GPs are not the weak point of the NHS. They're the major triage service for the entire NHS, reducing and preventing unnecessary patient contact in secondary care, without which the NHS would rapidly fail. A single GP can see 35 to 40 patients a day and they provide the country and provide nearly 1.5 million appointments a day all while the number of GPs falls because there are simply better working conditions privately or over seas. While you think they're paid unreasonably well, they aren't and many surgeries face bankruptcy. The pay, working conditions, terrible hours as well as the negative public opinion and ruthless abuse, all led by tabloids and false information from the Conservative government are other reasons why GPs are leaving in droves for far better lives elsewhere. The remaining few man a sinking ship, holding it together by working harder and longer without additional pay based solely on their good will.
The country perceive them as capable of providing emergency care, but thisnhas never been the case. Patients think GPs can and should do everything for them, but there is a relatively limited remit in which GPs work, that is actually contracted work. Many requests by patients are not contracted work. Much of what is requested falls outside of what they are legally indemnified to cover/treat.

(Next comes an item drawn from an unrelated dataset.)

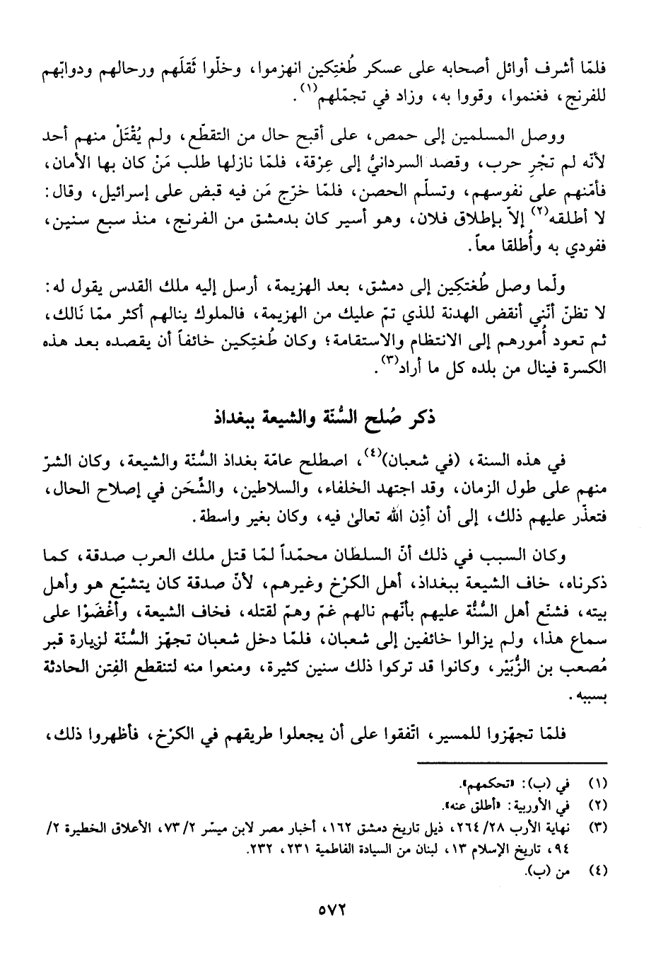 ذِكْرُ صُلْحِ السُّنَّةِ وَالشِّيعَةِ بِبَغْدَاذَ

Since COVID, GPs have had nearly double the amount of people requiring their attention. This is because they have new patients, as yet not referred or not treated, and they have patients already referred to secondary care, waiting vastly longer due to waiting times for their secondary care doctors input. Yet they need to wait and while their condition worsens, they seek repeat input from their GP. It has also led to your 'basic GP' treating ans managing more and more specialist conditions without the funding or resources. People think they're 'part time' however the typical 40 hour week is easily compressed into 3.5 days with their hours often being 10 to 12 hours a day. You also probably haven't a clue that around appointments and patient contact, they have hours of paperwork, blood tests and results to attend to. Most 10min appointments require at least a further 5 to 10 minutes, often longer, on this aspect of their vocation. And 'lunch'? Well the majority provide home visits at this time so aren't doing such administration work during a sit down lunch. People claim.GPs sit and drink tea all day. I'm.sure being offered a cup of tea by a co-worker is often the first and last thing many GPs have had the chance to drink. There were reports that GPs were often so busy that they felt they couldn't leave their office to simply go to the loo. People think that an empty waiting room means a quiet day! An empty waiting room means everyone is working and appointments are running on time. People moan that they can't get an appointment. Inrefer you to what I mentioned above re double the patient load and repeat attenders not yet seen by secondary care due to waiting times, which isnt controlled by GPs, but rather hospitals. You cant get through on the phone because GPs have limited staff, and limited phones. They arent a call centre, and they don't have the funds to simply expand, given the vast cut backs to primary care, as caused by your delightful government and the now defunct NHS England. GP surgeries, GPs and their associated care professionals and staff are the backbone of the NHS. Not the weak point.